On Fri, Jan 09, 2015 at 12:12:04PM -0600, Eric Sandeen wrote:
> I had a case reported where a system under high stress
> got deadlocked. A btree split was handed off to the xfs
> allocation workqueue, and it is holding the xfs_ilock
> exclusively. However, other xfs_end_io workers are
> not running, because they are waiting for that lock.
> As a result, the xfs allocation workqueue never gets
> run, and everything grinds to a halt.
I'm having a difficult time following the exact deadlock. Can you
please elaborate in more detail?
> To be honest, it's not clear to me how the workqueue
> subsystem manages this sort of thing. But in testing,
> making the allocation workqueue high priority so that
> it gets added to the front of the pending work list,
> resolves the problem. We did similar things for
> the xfs-log workqueues, for similar reasons.
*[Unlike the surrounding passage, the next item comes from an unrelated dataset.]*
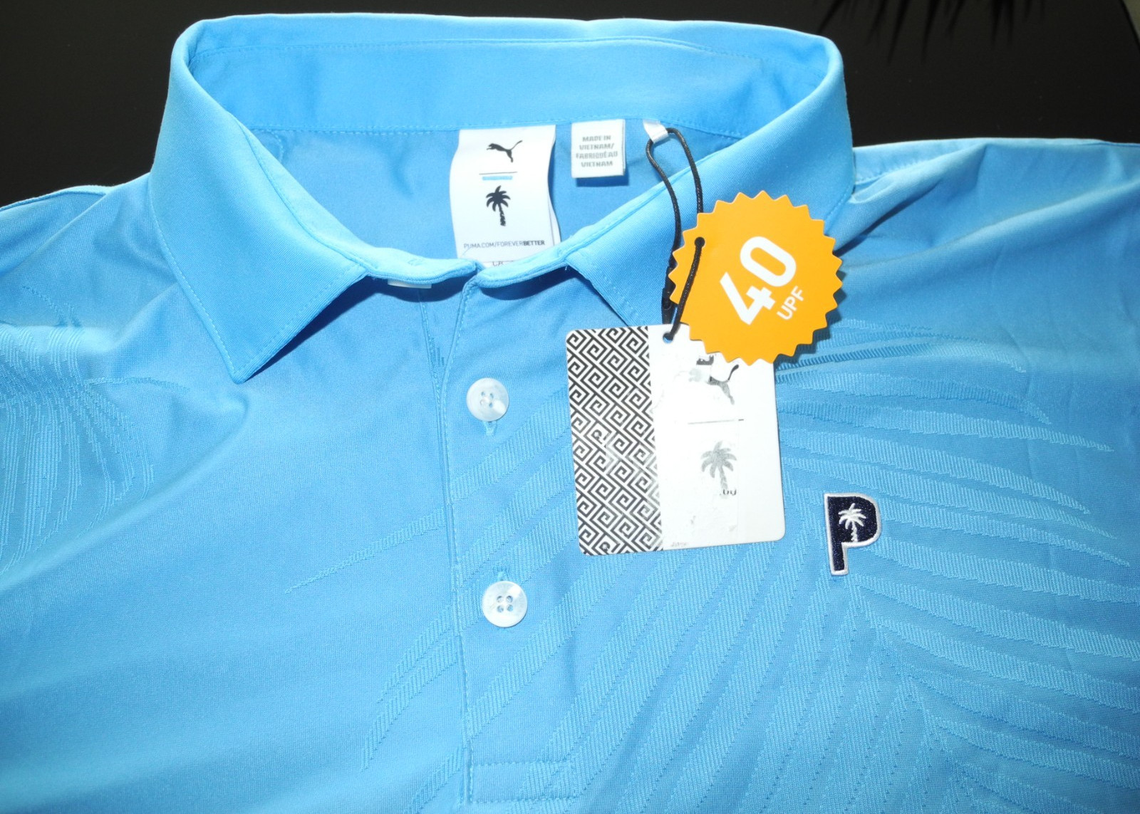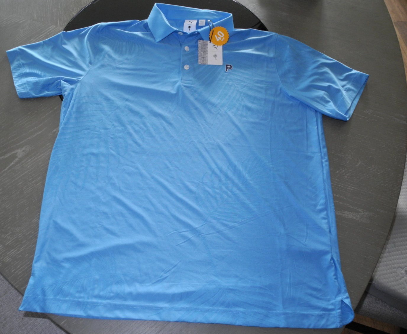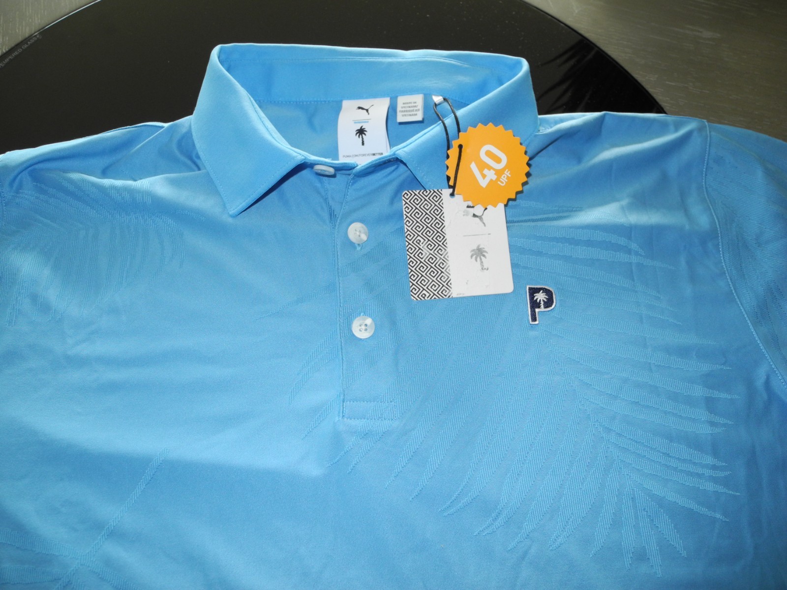 как выглядит PUMA X Palm Tree Crew Jacquard Short Sleeve Polo Shirt Mens Blue Casual Size L фото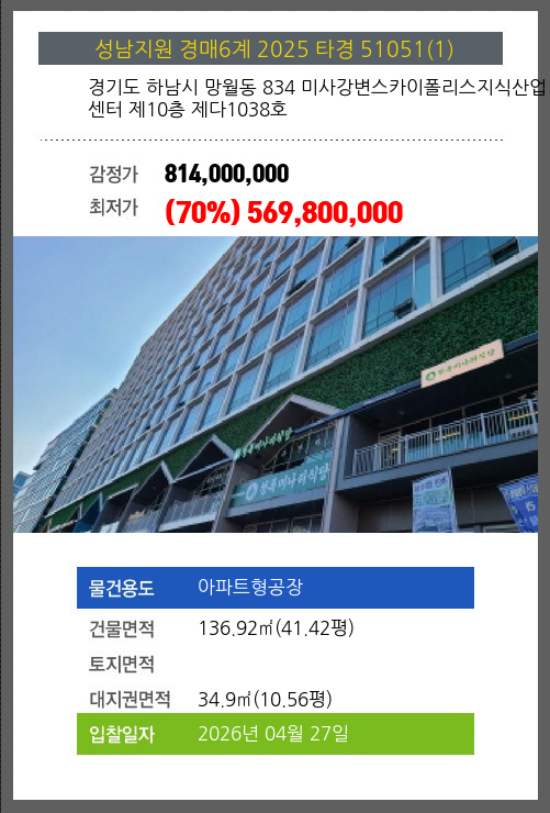 본건은 경기도 하남시 망월동 834 미사강변스카이폴리스지식산업센터 제10층 제다1038호

Ummm, this feel pretty voodoo. In practice, it'd change the order of
things being executed and may make certain deadlocks unlikely enough,
but I don't think this can be a proper fix.
> diff --git a/fs/xfs/xfs_super.c b/fs/xfs/xfs_super.c
> index e5bdca9..9c549e1 100644
> --- a/fs/xfs/xfs_super.c
> +++ b/fs/xfs/xfs_super.c
> @@ -874,7 +874,7 @@ xfs_init_mount_workqueues(
> goto out_destroy_log;
> mp->m_alloc_workqueue = alloc_workqueue("xfs-alloc/%s",
> - WQ_MEM_RECLAIM|WQ_FREEZABLE, 0, mp->m_fsname);
> + WQ_MEM_RECLAIM|WQ_FREEZABLE|WQ_HIGHPRI, 0, mp->m_fsname);
And this at least deserves way more explanation.
> if (!mp->m_alloc_workqueue)
> goto out_destroy_eofblocks;